All Lourdes proves is that people believe in the power of a heavenly Christ.
You are completely (and probably deliberately) missing the point. The issue is not whether or not miracles are real or ghosts or witchcraft or magic or whatever. The issue is whether a historical event can occur which people watching interpret as a miracle or whatever. You said "All we have of Jesus is the impossible." Even if that were true, which it isn't, it wouldn't necessarily mean that Jesus is unhistorical or mythical.
Take Matt. 9:27-31. Obviously, this is an event which is magical or a miracle or whatever.
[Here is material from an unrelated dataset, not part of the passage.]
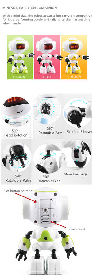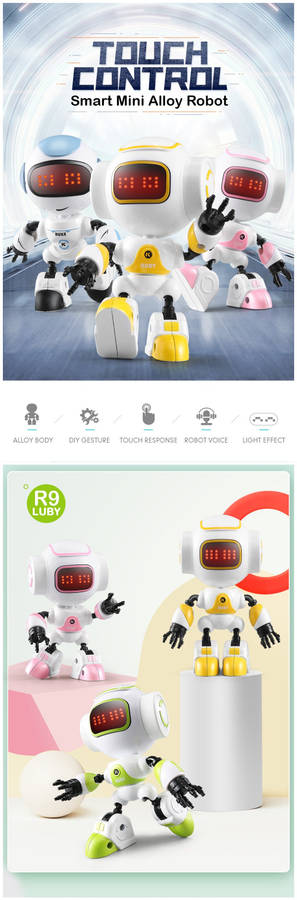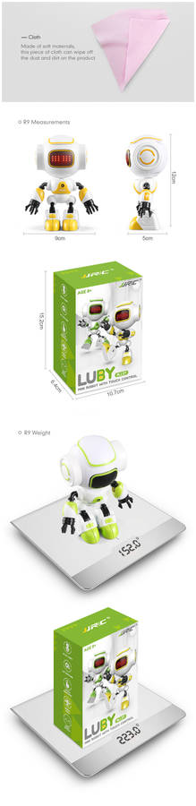 Package weight: 0.18 kg Description: Brand: JJRC Item: R9 Color: Yellow, Pink, Green Battery: 3*LR44 Button Battery(Included) Playing Time: About 60 Minutes Weight: About 152g Product Size: 9*5*12cm Package Size: 10.7*6.4*15.2cm Features: Touch sensitive to control the facial expression by the eyes LED, bring you a better operation experience. Can be use to the mobile phone holder, very practical. Can DIY its pose at anytime, bring you more fun. The toy robot is desiged with sound. Package: 1* JJRC R9 Toy Robot 3* LR44 Button Battery 1* Manual 1* AR Manual 1* Cleaning Cloth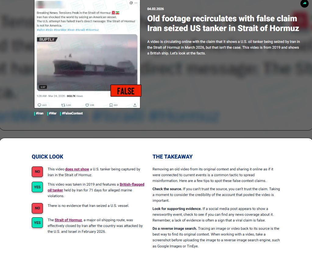 From my personal experience, Rumor Guard has been quite credible and gives a quick look at the most viral pieces of misinformation and how it is being framed. From just 2 days ago, Rumor Guard corrected popular misinformation about the sinking of a oil US tanker. They had properly identified that the video and context was actually stolen from a previous incident in 2019 and had no relation to the current state of political affairs in Iran!

Let's assume a scientific perspective and say that obviously Jesus didn't make any blind person see by some magical or holy power.
That doesn't mean that two people who were or claimed to be blind did not claim to see as a result of something Jesus did, and that bystanders interpreted it as a miracle.
I am not saying this particular even happened, simply that even if we only had miracle stories they could very well be stories of actual events people thought were miracles, whether they were the placebo effect or the tricks of a charlatan or whatever.
One can disbelieve or believe that the events reported as miracles in the gospels were miracles or not, or that they happened or not. But one cannot reasonably dispute that events like those in the gospels can happen in such a way that someone witnessing could interpret them as miracles, given that people have done so throughout recorded history.
So, I'll ask again, when are you going to start refuting the basic arguments I offered "one at a time?"